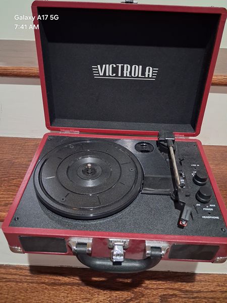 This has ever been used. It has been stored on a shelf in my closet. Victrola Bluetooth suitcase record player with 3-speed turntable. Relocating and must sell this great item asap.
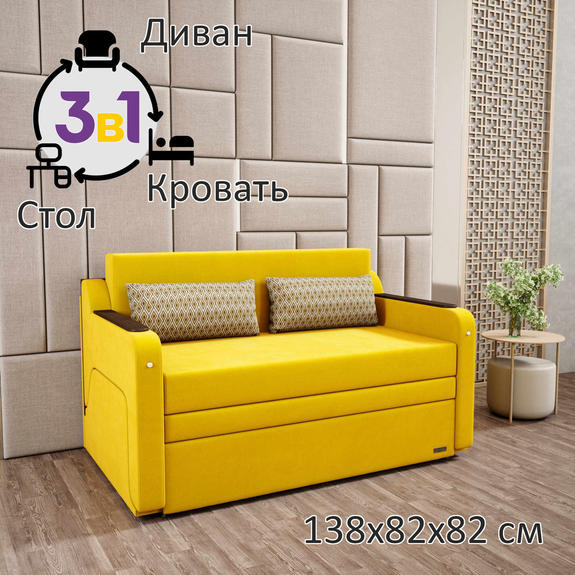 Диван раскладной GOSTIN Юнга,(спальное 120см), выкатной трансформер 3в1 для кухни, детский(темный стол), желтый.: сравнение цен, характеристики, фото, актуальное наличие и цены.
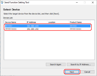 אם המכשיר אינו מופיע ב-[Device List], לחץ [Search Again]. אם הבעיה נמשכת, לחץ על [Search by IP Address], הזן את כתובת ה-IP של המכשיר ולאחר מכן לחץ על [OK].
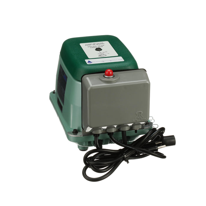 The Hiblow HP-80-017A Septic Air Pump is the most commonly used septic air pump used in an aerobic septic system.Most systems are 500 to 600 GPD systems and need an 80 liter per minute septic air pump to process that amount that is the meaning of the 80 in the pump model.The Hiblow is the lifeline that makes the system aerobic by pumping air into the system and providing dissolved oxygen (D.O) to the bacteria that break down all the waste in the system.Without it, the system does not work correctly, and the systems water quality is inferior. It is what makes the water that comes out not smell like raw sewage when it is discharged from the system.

...

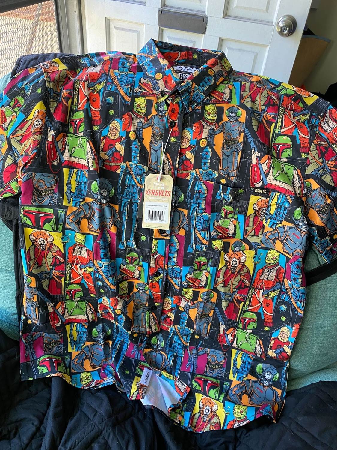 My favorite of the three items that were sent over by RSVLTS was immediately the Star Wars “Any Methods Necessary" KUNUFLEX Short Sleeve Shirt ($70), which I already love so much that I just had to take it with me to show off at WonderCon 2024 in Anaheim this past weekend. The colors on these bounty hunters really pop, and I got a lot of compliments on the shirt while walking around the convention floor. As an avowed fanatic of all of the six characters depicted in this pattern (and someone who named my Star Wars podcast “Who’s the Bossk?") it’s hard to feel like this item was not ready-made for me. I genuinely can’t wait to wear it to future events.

Activity: Only one stretch of the listing is wanted: the lines starting at the one with "Диван раскладной GOSTIN" and ending at the one with "The Hiblow HP-80-017A", copied exactly and free of pictures.

Answer section:
 Диван раскладной GOSTIN Юнга,(спальное 120см), выкатной трансформер 3в1 для кухни, детский(темный стол), желтый.: сравнение цен, характеристики, фото, актуальное наличие и цены.
 אם המכשיר אינו מופיע ב-[Device List], לחץ [Search Again]. אם הבעיה נמשכת, לחץ על [Search by IP Address], הזן את כתובת ה-IP של המכשיר ולאחר מכן לחץ על [OK].
 The Hiblow HP-80-017A Septic Air Pump is the most commonly used septic air pump used in an aerobic septic system.Most systems are 500 to 600 GPD systems and need an 80 liter per minute septic air pump to process that amount that is the meaning of the 80 in the pump model.The Hiblow is the lifeline that makes the system aerobic by pumping air into the system and providing dissolved oxygen (D.O) to the bacteria that break down all the waste in the system.Without it, the system does not work correctly, and the systems water quality is inferior. It is what makes the water that comes out not smell like raw sewage when it is discharged from the system.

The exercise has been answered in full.